The cost of hydrogen is dependent on the production technology, the cost of the feedstock, and power. Delivery, storage and fuel delivery equipment are also part of the cost. Our industrial customers see a wide range in price difference depending on their geography, delivery method and use quantity. It is our belief that hydrogen has the potential to compete with gasoline when the improved efficiency of the fuel cell is taken into consideration.

The cost of hydrogen produced at a large SMR is approximately equal on an energy equivalent basis to gasoline at a refinery.

Currently, most hydrogen is produced from natural gas. That's still a lot better than oil, from many perspectives. According to the California Energy Commission, critical greenhouse gas emissions from natural gas are 23% lower than diesel and 30% lower than gasoline. The oil used by ships is of the most polluting kind. Eventually, I expect most hydrogen to be economically produced from water with solar and wind energy. Within years, I expect that legislation will be put into place encouraging ships to be powered by hydrogen, rather than oil.

Currently, the market is heavily distorted - the price of oil is kept low artificially, such as through manipulation of the EPA by the Bush administration. This is bound to change, let me quote:

"Kai Ryssdal: When it comes to producing greenhouse gases, airplanes, ships and heavy agricultural equipment are pretty much in a class by themselves. So today, five states and a coalition of environmental groups said they're going to sue the Environmental Protection Agency to force it do something about that."
- above quoted from:
http://www.gather.com/viewArticle.jsp?articleId=281474977411392

The market has already recognized that wind energy is economic. Billionaire oilman T. Boone Pickens is putting his money in wind turbines, making a $2 billion investment as the first step in a multibillion-dollar plan to build a wind farm in Pampa, Texas.

"A 2005 Stanford University study found that there is enough wind power worldwide to satisfy global demand 7 times over — even if only 20% of wind power could be captured. Building wind facilities in the corridor that stretches from the Texas panhandle to North Dakota could produce 20% of the electricity for the United States at a cost of $1 trillion. It would take another $200 billion to build the capacity to transmit that energy to cities and towns. That's a lot of money, but it's a one-time cost. And compared to the $700 billion we spend on foreign oil every year, it's a bargain."
- above quoted from:
http://www.pickensplan.com/theplan/

As the number of wind turbines grows, there will be a growing surplus of electricity at night, when there's plenty of wind but little demand for electricity. As said, it makes sense to use at least some of this electricity surplus to produce hydrogen. As prices of electrolyzers and fuel cells come down, hydrogen will in many cases be the way to go.

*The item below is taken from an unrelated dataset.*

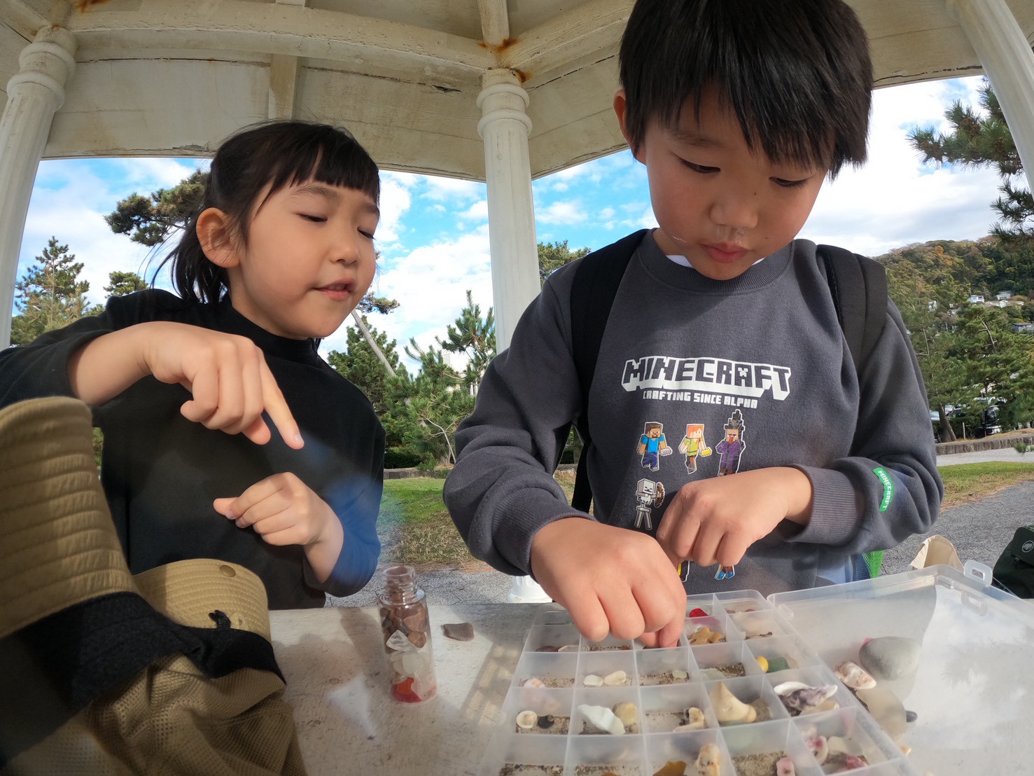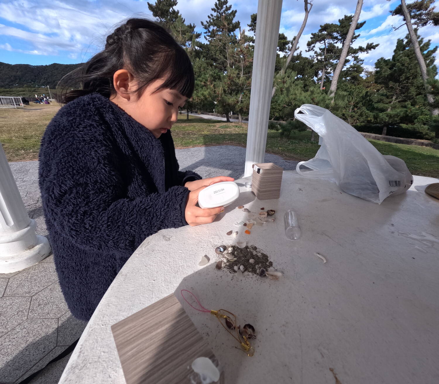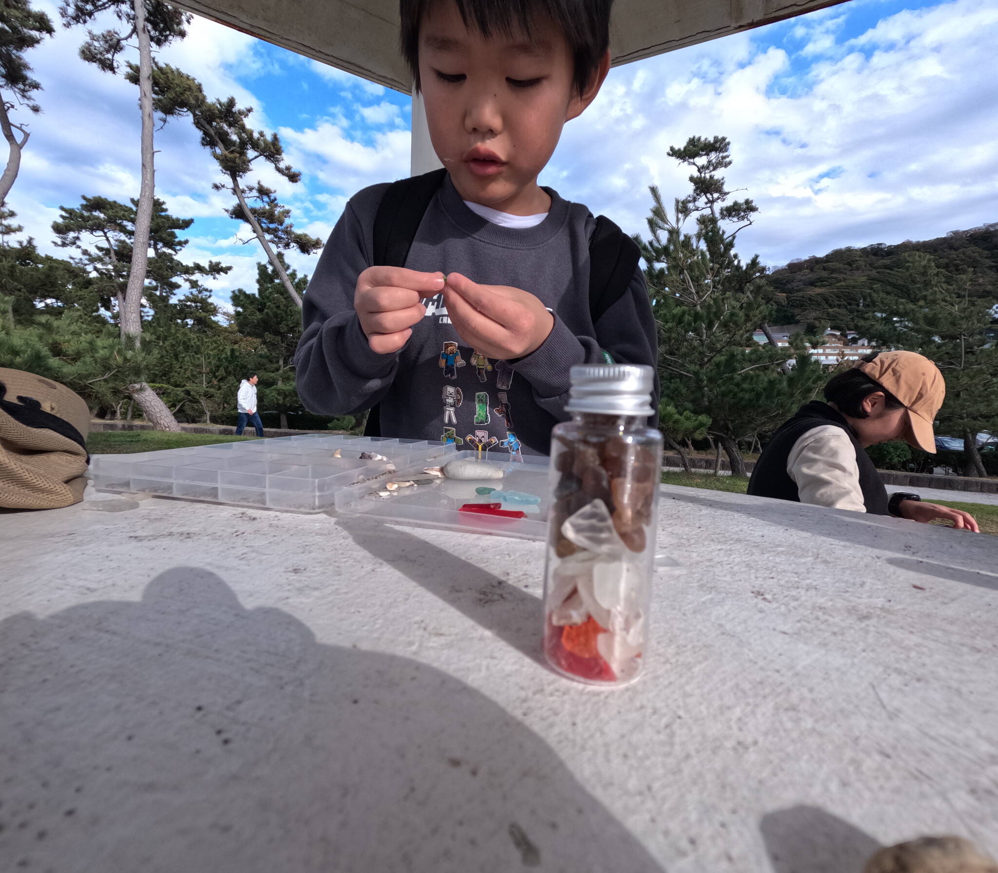 貝やシーグラスなどを見つけては、たくさん見せに来てくれます。

Since off-shore wind turbines can produce twice as much electricity as land-based turbines, I expect the Hydrogen Economy to take off at seaports. Electricity from wind turbines will go over the grid to hydrogen filling stations that will use electrolyzers to produce hydrogen and store it in compressed form in tanks. Those hydrogen filling stations will subsequently supply hydrogen to numerous ships, cars, buses and trucks in the area.

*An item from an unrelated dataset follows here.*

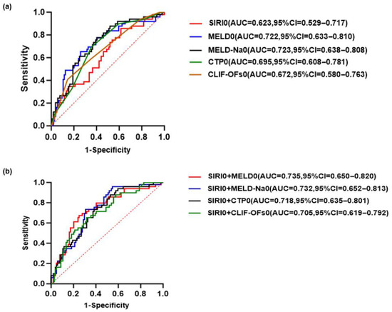 All statistical analyses were performed and figures plotted using R version 4.2 and GraphPad Prism version 10.1.2. Normally distributed continuous variables were presented as the mean ± standard deviation (SD), with group comparisons analyzed using the Student’s t-test. Non-normally distributed continuous variables were presented as median (interquartile range (IQR)), and group comparisons were conducted using the Mann–Whitney U test. Categorical variables were presented as frequencies and percentages, with group comparisons analyzed using the chi-square or Fisher’s exact test. Transplantation-free survival at 28, 60, and 90 days was analyzed using Kaplan–Meier analysis. Longitudinal changes in SIRI and disease severity scores (MELD, MELD-Na, CTP, and CLIF-C OFs) at days 0, 3, 7, and 14 were analyzed using linear mixed-effects models, with group, time, and the group × time interaction as fixed effects. The Bonferroni correction was applied for post hoc pairwise comparisons. Univariate and multivariate Cox proportional hazard regression models were used to identify predictors of 90-day mortality. Variables with p < 0.05 in the univariate analysis were entered into least absolute shrinkage and selection operator (LASSO) regression with ten-fold cross-validation to select optimal predictors and address multicollinearity. Receiver operating characteristic (ROC) curve analysis was conducted to assess the predictive performance of dynamic changes in SIRI combined with disease severity scores (MELD, MELD-Na, CTP, and CLIF-C OFs) for 90-day mortality. The area under the curve (AUC), sensitivity, and specificity were calculated to assess discriminative ability. p < 0.05 was considered statistically significant.

At the same time, technical innovations such as mentioned in the article will allow many places to store solar energy in the form of hydrogen, thus having access to power around the clock, without a need to be connected to the grid.

Hi James, thanks for your responses. That is as I
thought. So in this case can you explain what happens to
the carbon in the methane when it is reformed into hydrogen?
Is it sequestered in some way to add some value to forming
the natural gas it into hydrogen making it "greener"?

So, James, then basically this diverting natural
gas to the production of hydrogen. I suspect that there
is a cost to this as well, can you informs us about that?

I think where there is "captive" hydrogen it is a great byproduct
and energy should be reclaimed from that wherever possible.

James - in its liquid form I believe hydrogen has much
more energy density than gasoline. Do you have an opinion
on the safety of the transport of large amounts of hydrogen
by pressurized container this way, versus gasoline or electrical
transmission?

James, electrolysis for the small users you
mentioned would be taking electrical energy and using
up part of it to create H2, correct? Why would they want
to do that?

So, James, not to questions your motives, but you
are making your livelihood from hydrogen, right?

When you say:

> It is our belief that hydrogen has the potential to compete
> with gasoline when the improved efficiency of the fuel cell
> is taken into consideration.


You are referring to using natural gas to create hydrogen
I think, right?

So, part of the questions I would want to know is, how does
this reduce CO2.

What is the loss in terms of the energy that could be used by
just running a car on natural gas as some cars already do?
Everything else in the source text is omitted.